I am confident that LTC today is a much stronger company than it was few years ago and is poised to rapid growth due to its strong management team and superior core technology. I ask you to pay attention to our developments over the next few months to realize LTC’s great potential.

 

Sincerely,

/s/ Klaus Brandt

Dr. Klaus Brandt
Chief Executive Officer
Lithium Technology Corporation


About Lithium Technology Corporation:

Lithium Technology Corporation (LTC) is a global provider of large format rechargeable power solutions for diverse applications, and offers the largest lithium-ion cells with the highest power of any standard commercial lithium ion cell produced in the western hemisphere.

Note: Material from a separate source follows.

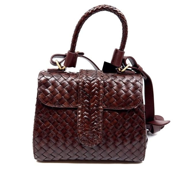 kleine handtas in gevlochten leder, kan met of zonder lange riem.

With more than 30 years of experience, LTC leverages its extensive expertise in high power and large battery assemblies to commercialize advanced lithium batteries as a new power source in the military and national security systems, transportation and stationary power markets.

LTC manufactures the GAIA® product line of large, high power hermetically sealed rechargeable lithium-ion cells and batteries. The Company’s product portfolio includes large cells and batteries from 10 times the capacity of a standard laptop computer battery to 100,000 times greater. LTC manufactures a variety of standard cells that are assembled into custom large batteries complete with electronics (battery management systems) and electronics to communicate with other components of the system for performance monitoring.

LTC headquarters are located in Plymouth Meeting, PA and R&D in Nordhausen, Germany. LTC sales for the U.S. and European markets are managed out of each of the offices. For more information about LTC, its technology and products, please visit http://www.lithiumtech.com.

Safe Harbor for Forward-looking Statements:

The foregoing information contains forward-looking statements, which involve risks and uncertainties relating to such matters as financial performance, technology development, capital raising, business prospects, strategic partnering and similar matters. A variety of factors could cause LTC’s actual results and experience to differ materially from anticipated results or other expectations expressed in these forward-looking statements. This notice does not constitute an offer of any securities for sale.